What does elaps’d do for me?
Suppose the following C++ code:
1 #include <omp.h>
2 #define N 1024
3
4 int main(void) {
5
6 double x[N], y[N], z[N];
7 int i;
8
9 // Do initializations
10 initialize(x, y, z, N);
11
12 #pragma omp parallel for
13 for (i = 0; i < N; i++) {
14 z[i] = x[i] + y[i];
15 }
16
17 printResult(z);
18
19 return 0;
20 }
Alright, this works and adds nicely a vector of size N
. So far, so good. But performance is everything, right? For instance assume, you want to know how long the loop runs and possibly also how long each thread computes. These are your possibilities:
- Use some profiling tool like gprof or perf. This is going to work, no question but the information you get might be too much and you’ll have to dig into its output ask yourself who calls whom and when and so on.

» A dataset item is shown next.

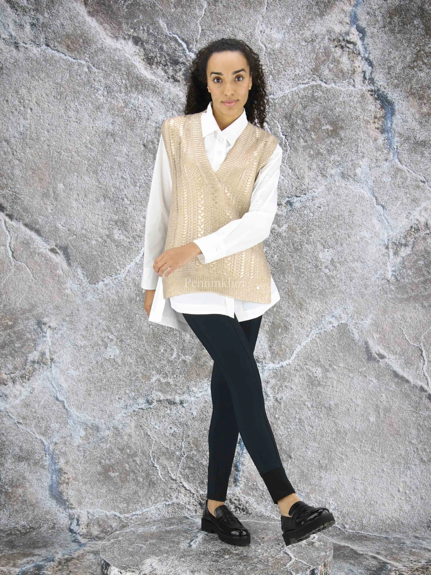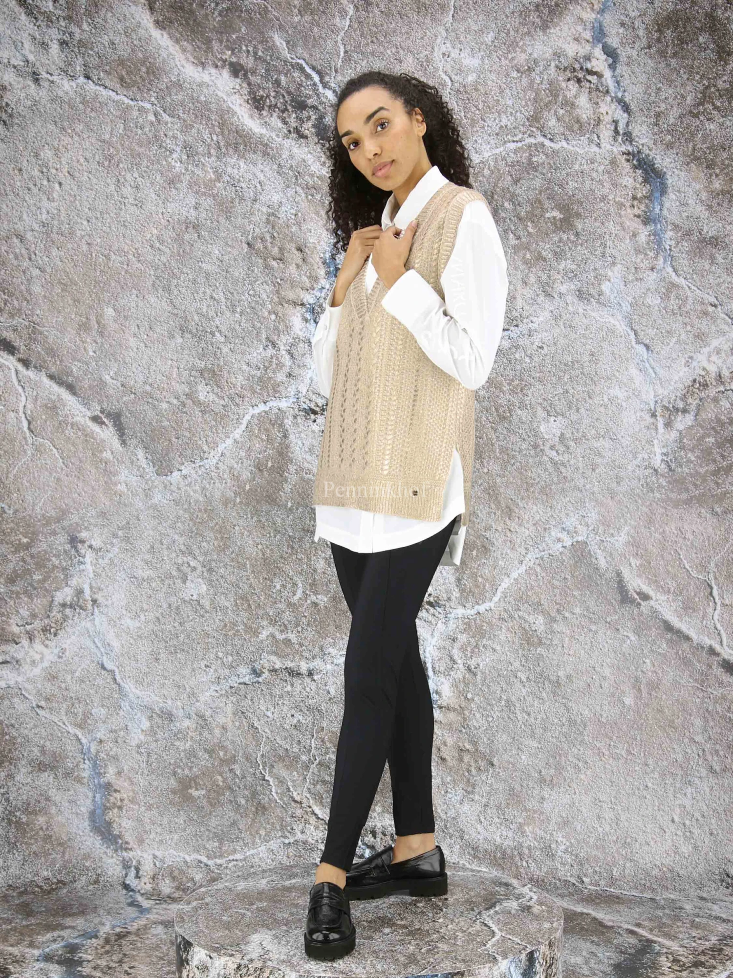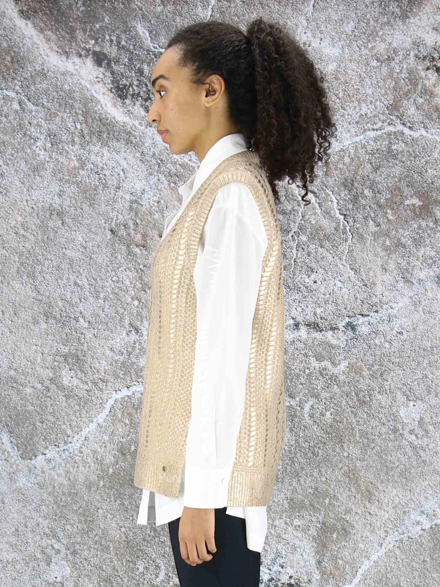 Een spencer van Marc Cain in een beige kleur met een goud laag op de stof ingebrand. De spencer is in een kabelstructuur gebreid en heeft een V – Hals. Deze spencer mag op de hand worden gewassen.

- Use a function for timing, e.g.
omp_get_wtime
, which you have to call twice and then handle its return value. This is quite easy, but if you also want to get detailed thread informations you might be alone with placing calls and merging outputs and so on. - Use something like Intel’s VTune. Well, this works (if you have a license for it), but it might be an overkill.

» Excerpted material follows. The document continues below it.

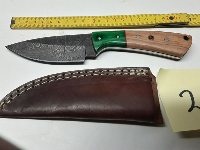 Stabiles feststehendes Sehr schönes Damastmesser, Klingenstsärke 3,6mm, Hand genähte stabile Lederscheide mit Gürtelschlaufe.

Another point is, that you might want some graphical analysis, which you won’t get with gprof or omp_get_wtime
.
You: Isn’t there an easy-to-use tool for this purpose?

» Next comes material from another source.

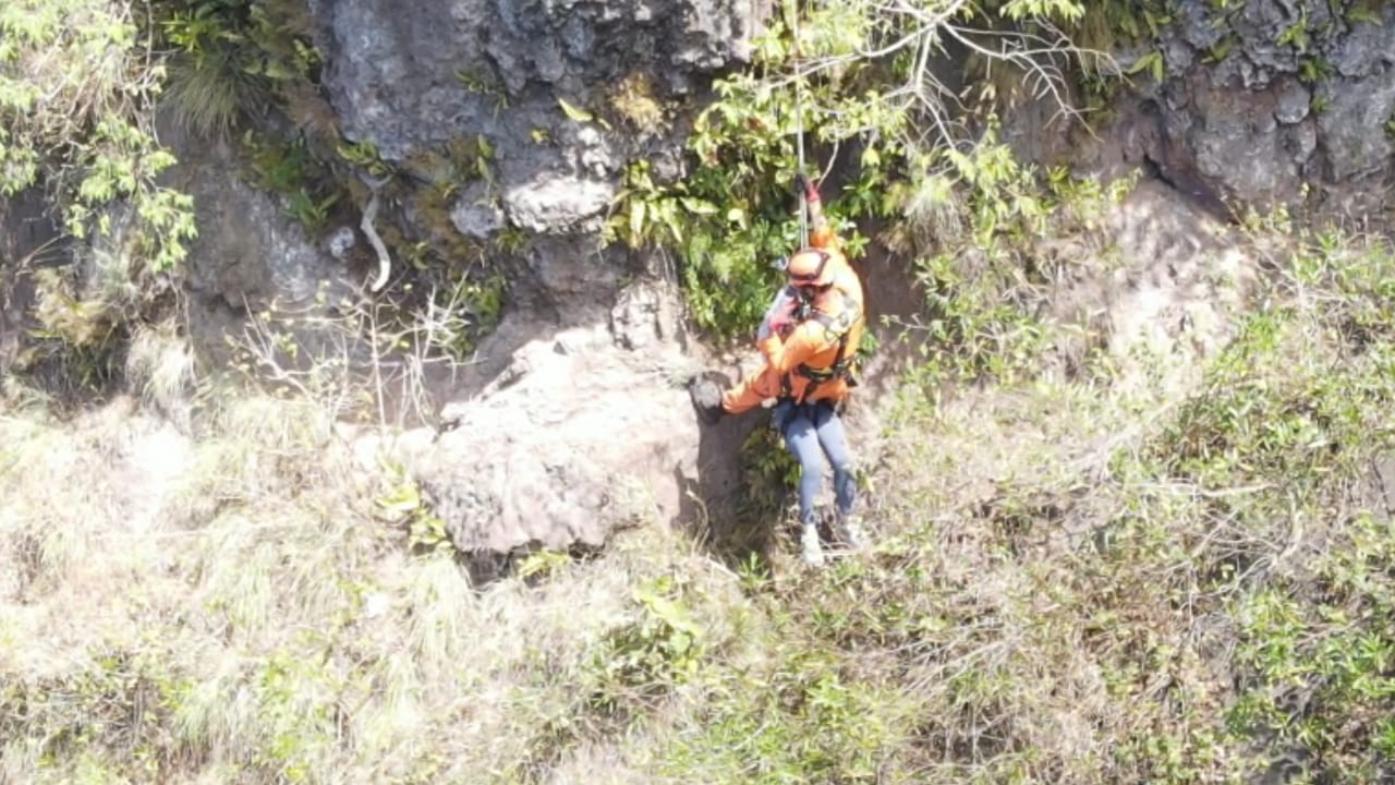 | Satu personil dengan bantuan peralatan mounteneering satu orang rescuer diturunkan dan selanjutnya melaksanakan penarikan satu persatu korban/Dok. Basarnas Bali. |

Yes, there is. And this tool is elaps’d. To make a measurement, we slightly extend the code:
1 #include <omp.h>
2 #define N 1024
3
4 #include <elapsd/elapsd.h> //< Include this
5
6 int main(void) {
7
8 double x[N], y[N], z[N];
9 int i;
10
11 // Do initializations
12 initialize(x, y, z, N);
13
14 /* Initialize elaps'd */
15 ENHANCE::elapsd e("vector.db", "Vector Experiment");
16 e.addKernel(0, "Vector (Multithreaded)");
17 e.addDevice(0, "CPU");
18 /* fin */
19
20 #pragma omp parallel for
21 for (i = 0; i < N; i++) {
22 e.startTimer(0,0); //< Magic happens here
23 z[i] = x[i] + y[i];
24 e.stopTimer(0,0); //< And here
25 }
26
27 printResult(z);
28
29 e.commitToDB(); //< Store for analysis
30
31 return 0;
32 }
That’s all, now compile, link against libelapsd.so
and run it. After the run you get a SQLite3 database vector.db
which you can analyze. Analysis looks like this:
Cool, isn’t it? elaps’d automatically recognizes threads when its inside a multi-threaded environment (e.g. in the for
-loop). Furthermore, the seperation between kernels and devices lets you clearly define which function (kernel) runs on which device. Thus, also measuring functions on accelerators, e.g. GPGPU, becomes possible – but currently only on a coarse level, i.e. you won’t see GPGPU threads in the analysis.
In addition to that, multiple experiments are supported. That means, you are able to compare the same program with different arguments. To recognize this during analysis, elaps’d enables you to arbitrarily choose names for experiments, kernels and devices.